De rechtbank heeft de minister veroordeeld in de proceskosten van de verzoekers, vastgesteld op € 437,50. Dit bedrag is gebaseerd op het Besluit proceskosten bestuursrecht (Bpb) en houdt rekening met het feit dat de aanvragen van de verzoekers samenhang vertonen, aangezien zij op dezelfde dag zijn ingediend en gezinsleden van elkaar zijn. De rechtbank oordeelt dat de minister slechts éénmaal proceskosten hoeft te vergoeden, ondanks het aantal verzoekers.

Deze uitspraak is gedaan door mr. A.G.D. Overmars, rechter, en openbaar gemaakt door middel van geanonimiseerde publicatie.
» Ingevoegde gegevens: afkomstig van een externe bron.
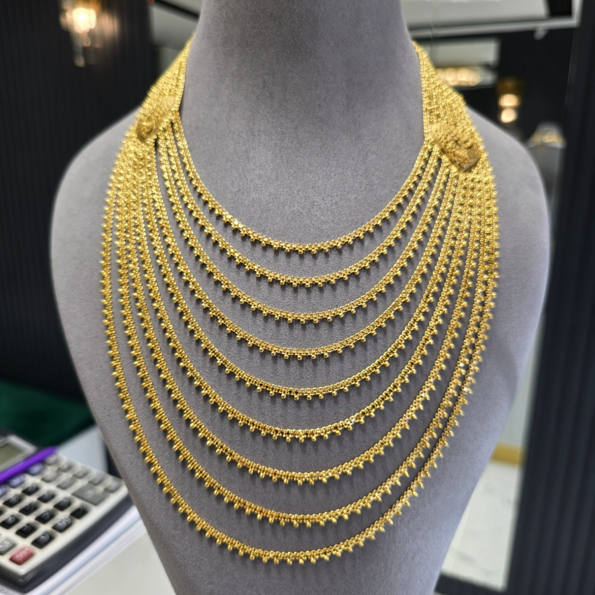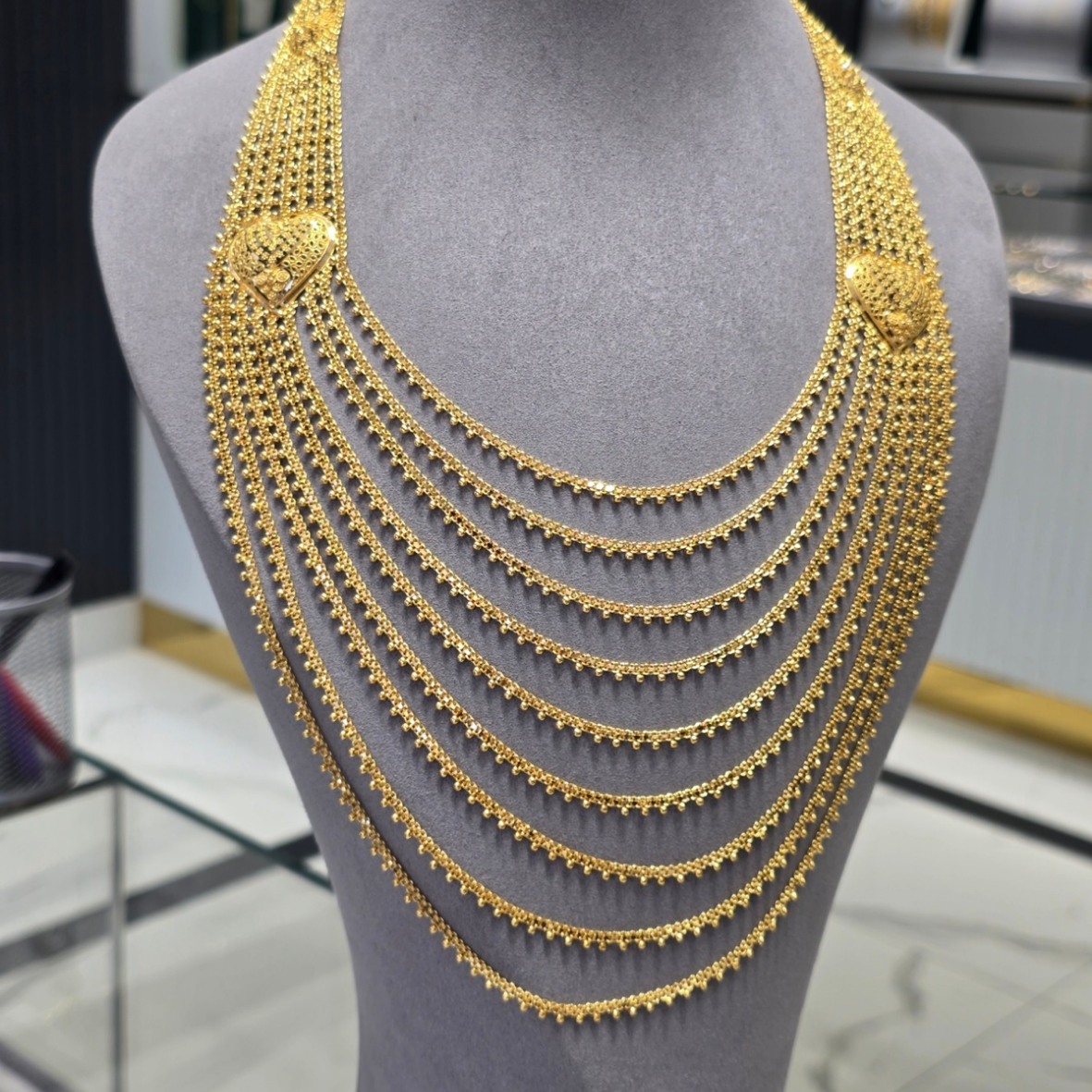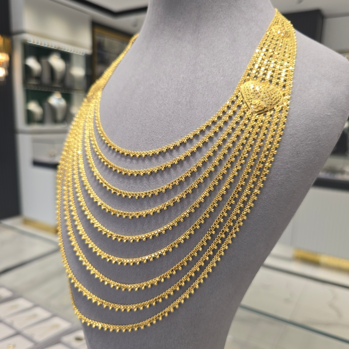 Şıklığı ve zarafetiyle dikkat çeken 14 Ayar Hint Madonna Akıtma 9 Sıra, her özel anınızda size eşlik edecek bir parça. Bu göz alıcı takı, zarif detayları ve özenle işlenmiş tasarımıyla öne çıkıyor. 81.65 gram ağırlığı ile hem gösterişli hem de kullanışlı bir aksesuar arayanlar için mükemmel bir seçenek.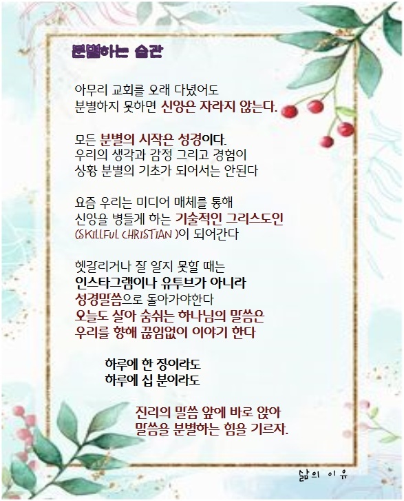 - 다음글12월 22일 탐욕을 버리고 성실과 충성으로 23.12.21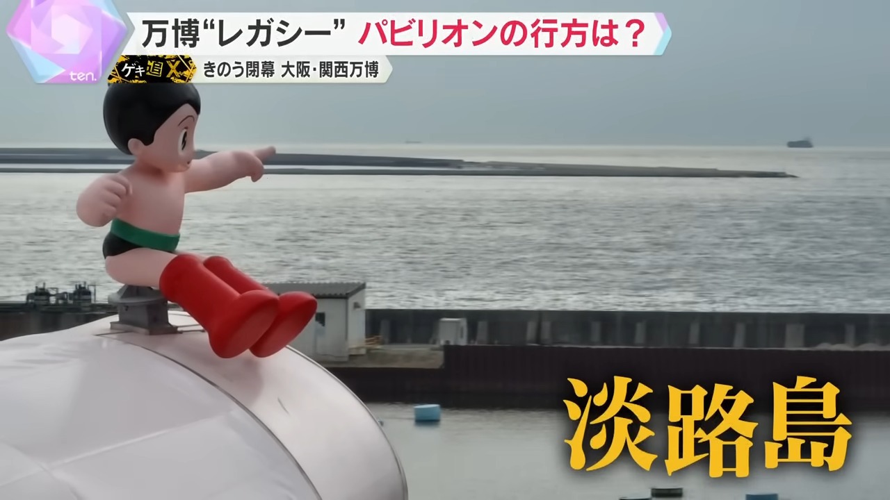 そのうちの一つが、アンモナイトの形をした外観で『いのち』がテーマのパソナ館です。iPS細胞で作った直径3.5センチほどのミニ心臓や、体の状態に合わせて最適な睡眠環境を作り出すベッドを展示しました。ナビゲーターのアトムが指さしているのは、移設先の淡路島です。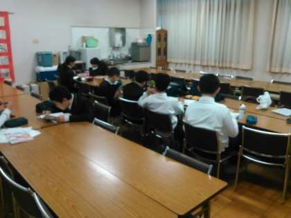 本日より、期末テスト一週間前になりましたが、放課後にミーテイングルームにて定期テスト前自主学習会が始まりました。参加している人は、元気アップ学習ボランティアの方と、熱心に勉強していました。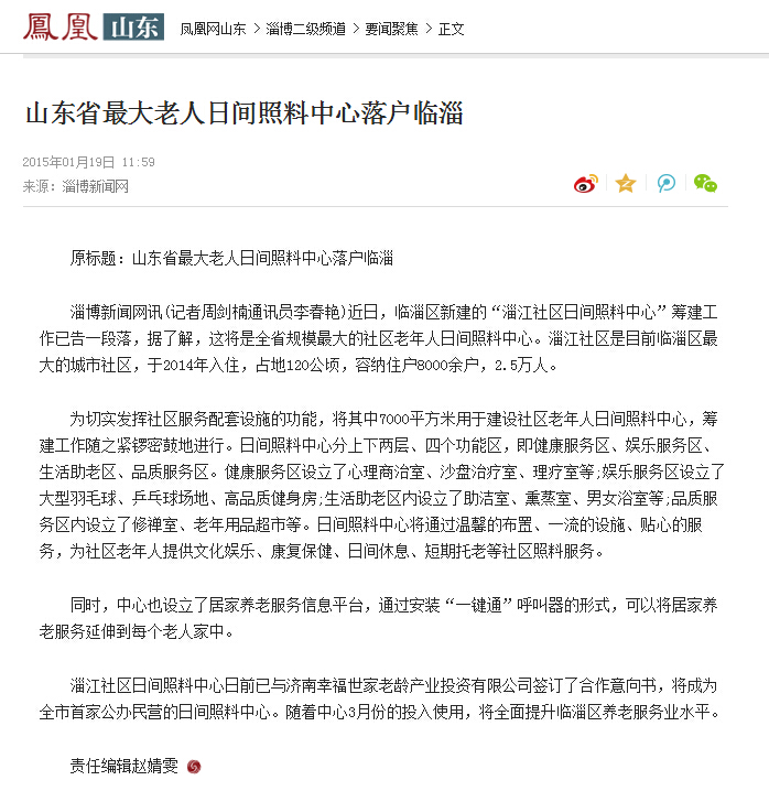 淄江社区日间照料中心日前已与济南幸福世家老龄产业投资有限公司签订了合作意向书,将成为全市首家公办民营的日间照料中心。随着中心3月份的投入使用,将全面提升临淄区养老服务业水平。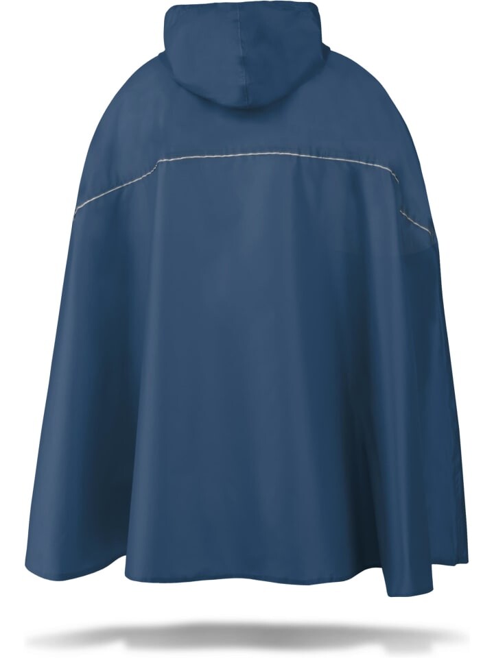 Для ежедневных поездок на велосипеде интегрированы две дополнительные функции. Дождевик оснащен светоотражающими полосами 3M Scotchlite с обеих сторон, что повышает безопасность дорожного движения и обеспечивает раннее обнаружение в сумерках. Кроме того, к нижней стороне прикреплены практичные ремни для рук и поясной ремень, чтобы предотвратить раздражающее развевание на ветру. Под пончо можно даже носить небольшой рюкзак. Два боковых клапана с кнопками позволяют при необходимости вытянуть руки и руки через пончо.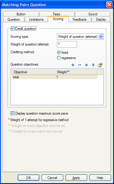يستخدم شريط النقاط لتحديد درجة السؤال و في حال لم يتم تحديد درجة السؤال فسيتم تجاهل الدرجة عند الانتهاء من الامتحان و هذا النوع من الاسئلة كثيراً ما يستخدم من أجل الحفاظ على تركيز المتعلم.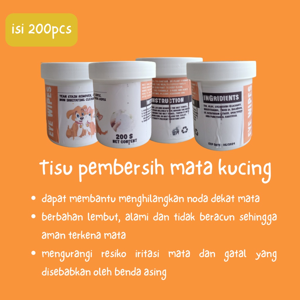 Pembersih Mata Anjing / Kucing isi 200 pcs aman digunakan, dapat menghilangkan kotoran dan noda lainnya di area mata hewan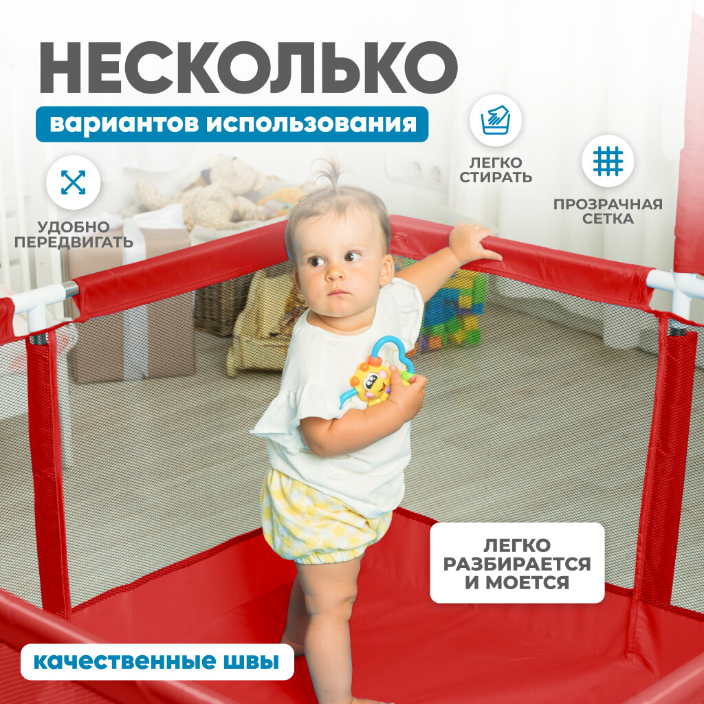 Манеж детский игровой SOLMAX для новорожденных с шариками в комплекте, красный интересное: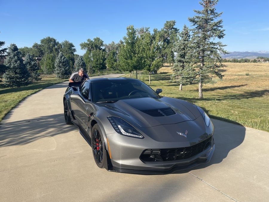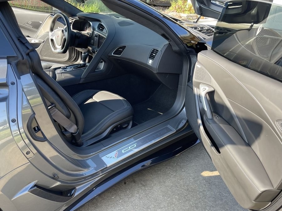 This 2015 Corvette Z06 is powered by a 6.2L V8 engine and an 8-spd automatic transmission with 5,667 original miles. Proudly shown with shark grey exterior paint with black leather interior.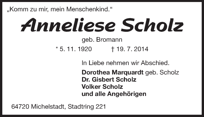 Hier finden Sie alle Traueranzeigen aus der Zeitung, die bisher für Anneliese Scholz erschienen sind. Weitere Traueranzeigen, die in der Zeitung erscheinen, werden hier ebenfalls aufgelistet

Verzoekers hebben de mogelijkheid om binnen zes weken na de bekendmaking van deze uitspraak een verzetschrift in te dienen als zij het niet eens zijn met de uitspraak.

Uitspraak

RECHTBANK DEN HAAG
Zittingsplaats Groningen
Bestuursrecht
zaaknummers: NL23.33954 en NL23.33959

uitspraak van de enkelvoudige kamer in de zaak tussen

[naam] ,

geboren op [geboortedatum] ,
V-nummer: [nummer] ,

[naam] ,

geboren op [geboortedatum] ,
V-nummer: [nummer] ,

[naam] ,

geboren op [geboortedatum] ,
V-nummer: [nummer] ,

[naam] ,

geboren op [geboortedatum]
V-nummer: [nummer] ,

[naam] ,

geboren op [geboortedatum] ,
V-nummer: [nummer] ,

[naam] ,

geboren op [geboortedatum] ,
V-nummer: [nummer] ,

[naam] ,

geboren op [geboortedatum] ,
V-nummer: [nummer] ,
allen van Syrische nationaliteit, verzoekers,
(gemachtigde: mr. H. Postma),
en
de minister van Asiel en Migratie, voorheen de staatssecretaris van Justitie en Veiligheid, de minister.

Inleiding

Verzoekers hebben op 26 oktober 2022 een aanvraag ingediend om een machtiging tot voorlopig verblijf (mvv) voor verblijf als familie- of gezinsleden bij [naam] (referent) in het kader van nareis.
Bij besluit van 28 mei 2024 heeft de minister aanvraag van verzoekers ingewilligd.
Verzoekers hebben vervolgens het beroep ingetrokken en verzocht om een vergoeding van proceskosten.

Overwegingen

1. Verzoekers hebben verzocht om vrijstelling van het griffierecht voor de behandeling van hun beroep wegens betalingsonmacht. De rechtbank heeft het verzoek om vrijstelling voorlopig toegewezen. Met het door verzoekers overgelegde formulier hebben zij voldoende aannemelijk gemaakt dat zij voldoen aan de voorwaarde voor vrijstelling. Het verzoek om vrijstelling van het griffierecht wordt definitief toegewezen.
2. De rechtbank doet met toepassing van artikel 8:54, eerste lid van de Algemene wet bestuursrecht (Awb) uitspraak zonder zitting.
3. De veroordeling van een partij in de proceskosten is geregeld in de artikelen 8:75 en 8:75a van de Awb en nader uitgewerkt in het Besluit proceskosten bestuursrecht (Bpb).
4. Als een beroep wordt ingetrokken, omdat het bestuursorgaan geheel of gedeeltelijk aan de indiener van het beroepschrift is tegemoet gekomen, kan de rechtbank op verzoek van de indiener dat bestuursorgaan bij afzonderlijke uitspraak veroordelen in de proceskosten. Dat is geregeld in artikel 8:75a van de Awb.
5. Gelet op de gedingstukken en het hiervoor weergegeven procesverloop is de minister tegemoet gekomen aan het beroep van verzoekers.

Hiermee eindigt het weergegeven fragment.